How can I set this up properly to use the large sieve?

Answer 1

The set $$\{ \mathbf{a} =(a_1, \ldots, a_n) \in \mathbb{Z}^n : ||\mathbf{a}|| \leq B, \Delta(a_1,\ldots,a_n) \text{ is a square} \}$$ is a so-called thin set in the sense of Serre.

Serre studies these in detail in the book "Lectures on the Mordell-Weil theorem". He uses the large sieve in Section 13 to show that for any thin set $\Omega \subset \mathbb{Z}^n$ we have $$\# \{ \mathbf{a} \in \Omega : ||\mathbf{a}|| \leq B \} \ll B^{n-1/2}(\log B)^\gamma,$$ for some $\gamma < 1$.

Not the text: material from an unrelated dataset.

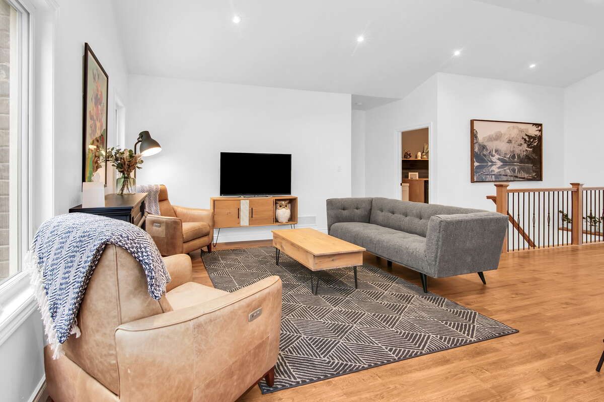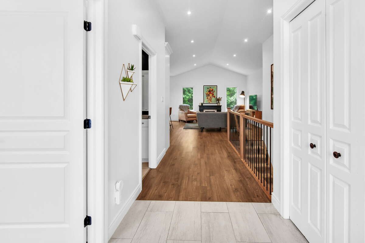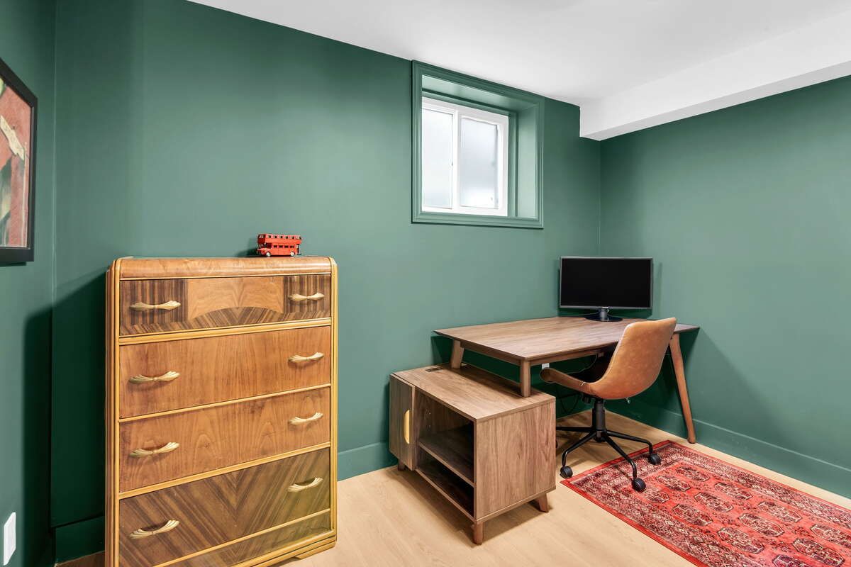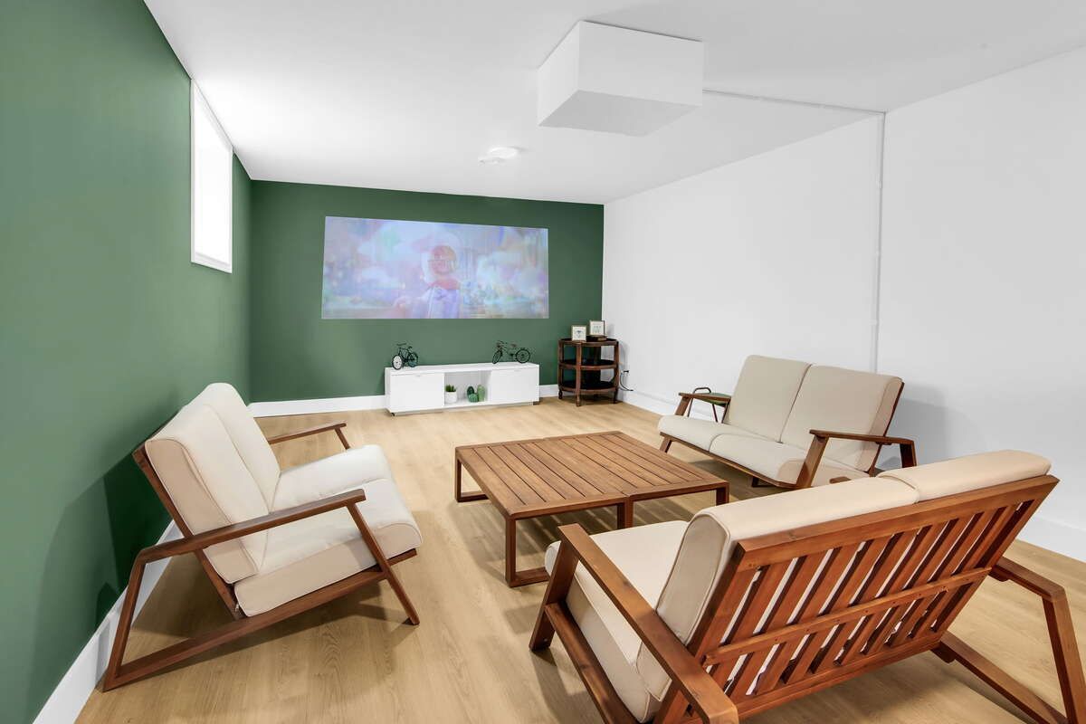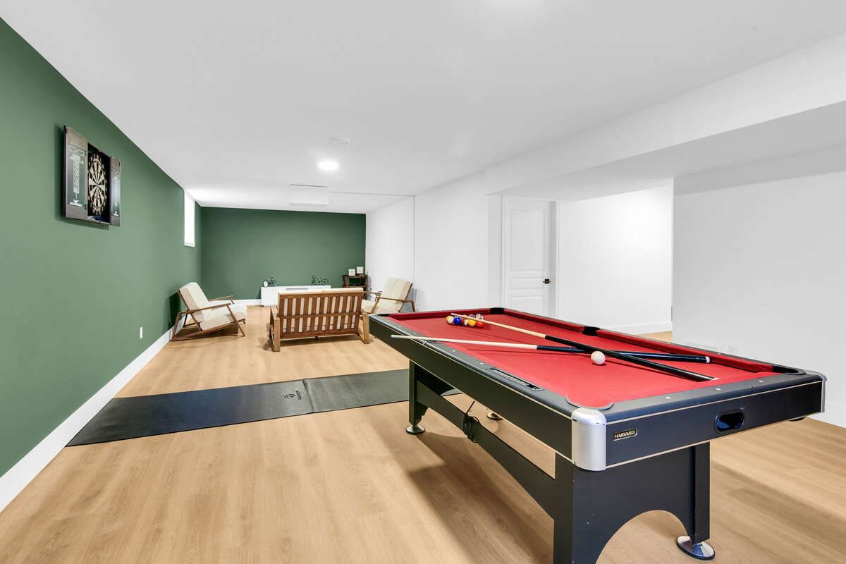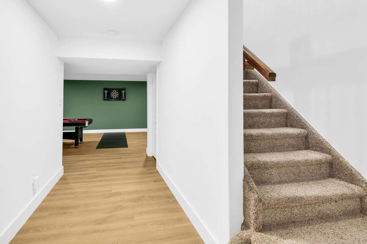 • Finished basement with modern flooring and built-in projector for movie nights.

Modulo the logarithm, this gives the bound you want. Possibly you can remove the logarithm in your special case by carefully going through the proof and see if it can saved somewhere.

More results about thin sets and their relationship with Galois groups can be found in Serre's book "Topics in Galois theory".